Over the years there have been a couple such calls. One woman wanted to know his address so she could return the book to him. Surely he had left it by mistake at a Northwest gate in the Minneapolis—St. Paul airport. He asked her if she had read any of the stories. Oh, she was not much of a reader. She had started a couple, but had not gotten very far with them.

Another caller said he was a psychiatrist. He had found the book on a bench in Central Park, had read the stories with great interest and claimed to have detected the writer’s morbid fascination with his own body fluids. All those references, he observed, to urine and tears and saliva and semen and sweat. Not natural, not healthy. “What a sad loser you are!” he sighed. “I think I can help you.”

Lockwood stared at the receiver and hung up. When the phone rang again a minute later, he grumbled a tentative “Hello?”

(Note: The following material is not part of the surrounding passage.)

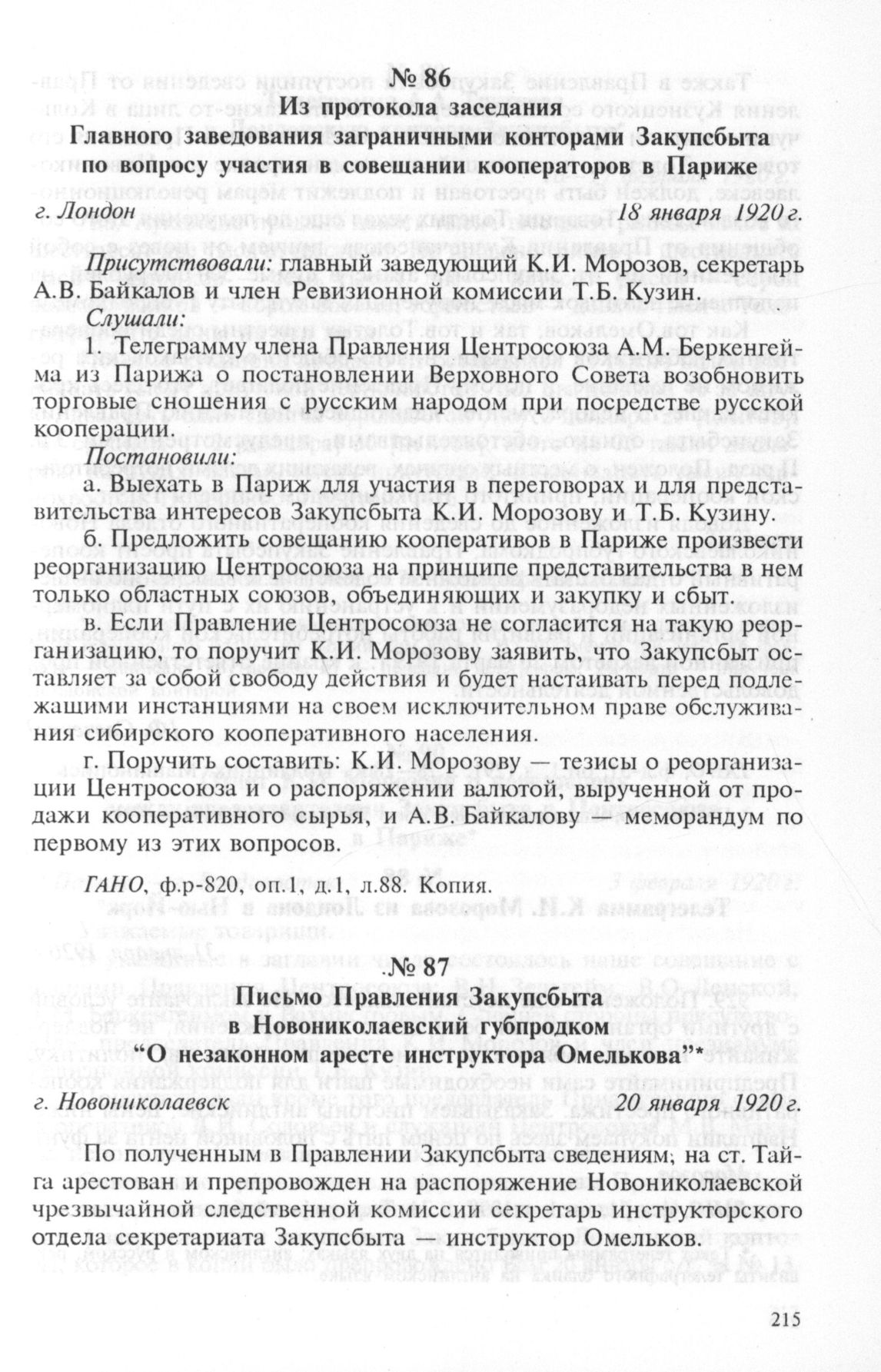 Из протокола заседания Главного заведования заграничными конторами Закупсбыта по вопросу участия в совещании кооператоров в Париже. 18 января 1920 г. // ГАНО. ф.р-820. оп.1. д.1. л.88. Копия.

“Hang up on me again, and I’m done with you.”

“What do you want?”

“I didn’t pay for the book. But I am interested in your career. Which is not going anywhere, unless you get professional help.”

“That would be you?”

“Yes. Take down my number. Just in case you feel like exploring some ideas.”

“Shoot.”

“One, 900, Dr. Phone.”

“A 900 number?”

“Yes. 24/7, $3.99 a minute.”

“That’s $240 an hour.”

“I do charge more than a regular psychiatrist on account of the convenience. You don’t have to schedule your dreams, your phobia attacks, your crises to correspond to Tuesday—Thursday appointment days. I’m here for you, day or night, help at hand. And you don’t have to pay for a fifty-minute hour. The moment a crisis hits, dial 1-900-Dr Phone.”

“Sure, maybe sometime.”

“You need help now, you idiot.”

“Why do you keep calling me names?”

“My active therapeutic style is suited to your passivity.”

Lockwood sighed unhappily. “Fine, don’t call me. I’ll call you.”

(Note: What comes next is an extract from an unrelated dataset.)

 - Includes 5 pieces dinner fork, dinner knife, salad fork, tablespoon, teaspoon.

“Remember, I believe in you,” the voice was saying seductively as Lockwood disconnected.

He kept writing through the years. The thin notebook in his shirt pocket was full of tantalizing beginnings and provocative themes. He rose at four in the morning and sat at his desk until it was time to go to work as a copywriter at the Freidl and Perez advertising agency.

In the dark misty mornings, the fog from the sea crawled inland. It softened the silhouette of the hills and seemed to carry the sounds of the waves crashing on the rocks. Lockwood thought of it as the dreamer’s time, the moment for poetry, the space of the imagination. After a cup of strong French roast and a slice of baguette spread with Bonne Maman strawberry jam, he would open the small window beside his table and let in a rush of air, imagining he could smell the tide’s deposits of weeds and mollusks and rotting driftwood.

Brimming over with the warm well-being that came to him for doing the virtuous thing, for getting up in the morning, for doing the important work of his life first, Lockwood would prepare to write: three deep breaths. Ten fingers wriggle above the keyboard like hungry baby snakes. The back is straight for attack. The gift that goes unused will atrophy. He writes in order to write. Write first, think later. Appease the unseen reader. Hands up! Your words or your life. If the Muse betrays you, shoot the bitch. He considers the possibility that the 72,349 words of Two Loaves may be all he was born with—the cool sparks from two happy planets rubbing against each other during a cosmic nanosecond back there at the Workshop in the middle of the corny prairie, in his very own Year of Great Promise. He buries the thought. Somewhere there are reserves that can still be tapped, like the last precious organ cells that keep an anorexic alive.

“Who are you talking to, anyway?” Claire calls up again. “Your dinner’s getting cold.”

He waits until he is seated at the table. The steam from a bowl of pea soup clouds his glasses. “She’s dead, Claire. I can’t get over the reality that she’s gone.”